How to optimize quicksort
Master System Design with Codemia
Enhance your system design skills with over 120 practice problems, detailed solutions, and hands-on exercises.
Introduction
Quicksort is fast on average, but its real-world performance depends heavily on pivot choice, partition strategy, and recursion behavior. Optimizing quicksort is less about changing its big-O headline and more about reducing bad partitions, handling duplicates efficiently, and cutting overhead on small subarrays.

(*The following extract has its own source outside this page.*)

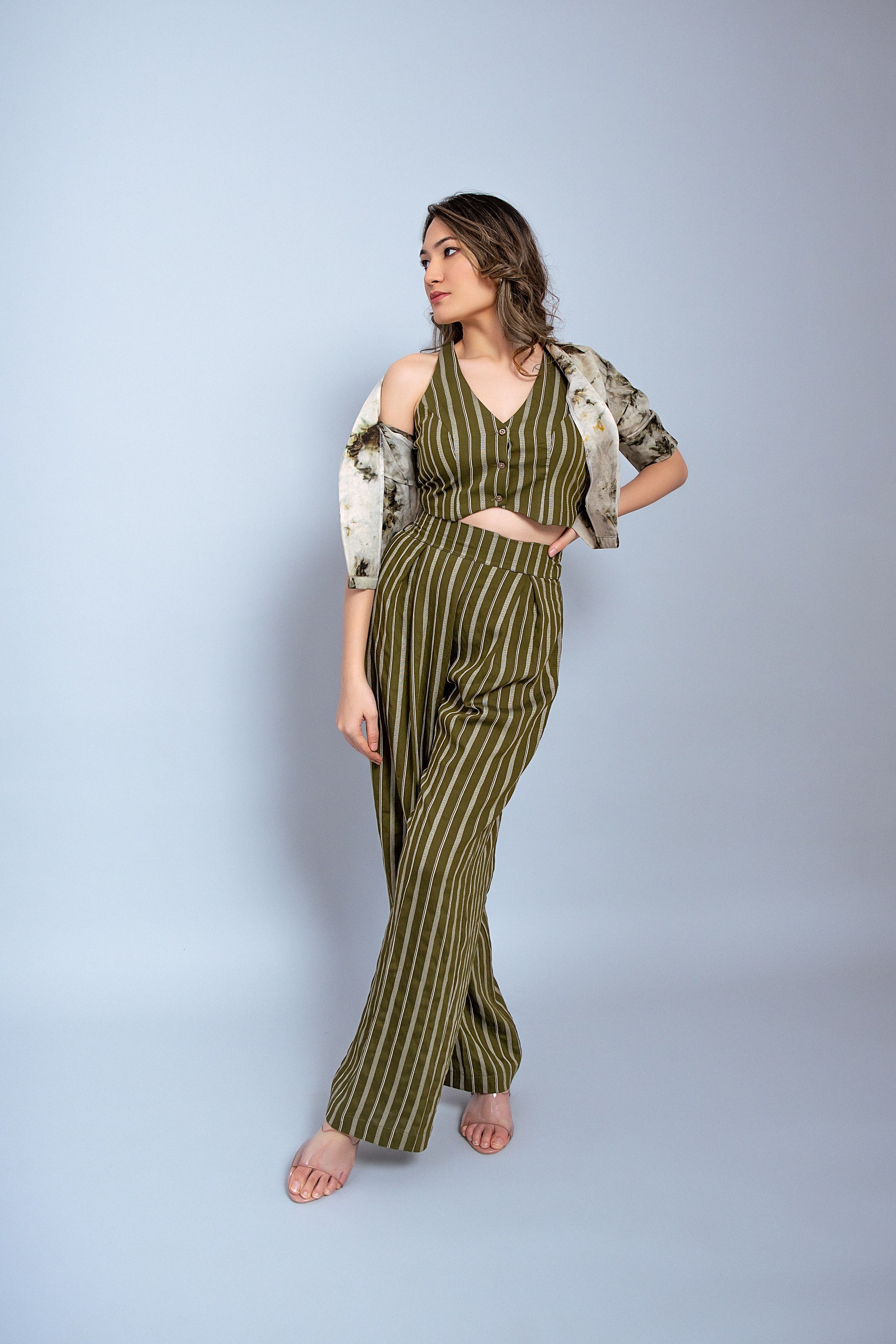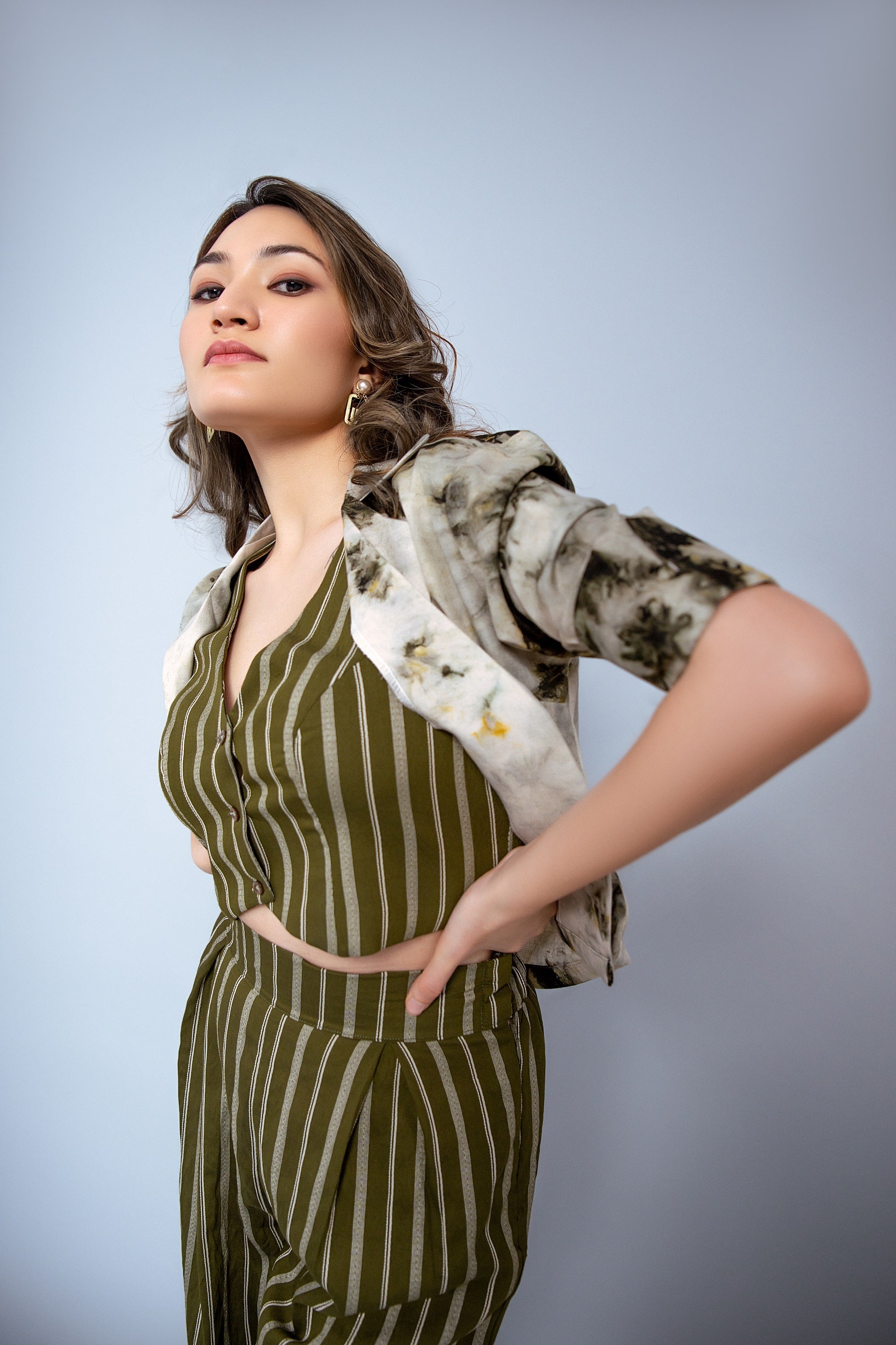 Step into the spotlight with our Tie Dye with Stripe 3 Piece Set. Featuring a mesmerizing blend of heena and green hues, this set exudes bohemian charm and free-spirited style. The tie-dye pattern adds a playful touch, while the striped details offer a modern twist. Perfect for festivals, beach days, or casual outings, this set is a must-have for the fashion-forward individual. Embrace your inner wanderer and let your unique style shine with this eclectic ensemble.

Start with the Real Weaknesses
A plain quicksort suffers in three predictable situations:
- poor pivots create highly unbalanced partitions
- many duplicate values waste work in two-way partitioning
- recursion overhead dominates on small slices
Those issues are why a naive implementation can perform much worse than a production-grade sort even though both are “quicksort.”
Improve Pivot Selection
Choosing the first element as the pivot is easy and often bad. Sorted or nearly sorted input can produce very unbalanced partitions.
A common improvement is median-of-three: use the median of the first, middle, and last elements.
Another reasonable choice is random pivoting, which makes adversarial patterns much less likely in practice.
Median-of-three reduces the chance of bad partitions on partially ordered data. Random pivoting reduces predictability. Both are much better than blindly choosing one fixed edge.
Use Three-Way Partitioning for Duplicates
If many elements equal the pivot, classic two-way partitioning keeps doing unnecessary comparisons and recursive calls. Three-way partitioning splits the array into:
- less than pivot
- equal to pivot
- greater than pivot
This is especially important when the input contains many repeated keys. Without it, quicksort can waste a lot of effort reprocessing equal regions.
Switch to Insertion Sort for Small Partitions
Recursing down to tiny subarrays is usually not worth it. A common optimization is to stop quicksort below a small threshold and finish those pieces with insertion sort.
This works because insertion sort has low overhead and performs well on tiny or nearly sorted partitions. In practice, thresholds somewhere around 8 to 32 elements are common, though the best number depends on language and runtime.
Recurse on the Smaller Side First
Quicksort's recursion depth can be reduced by always recursing into the smaller partition first and then iterating on the larger side.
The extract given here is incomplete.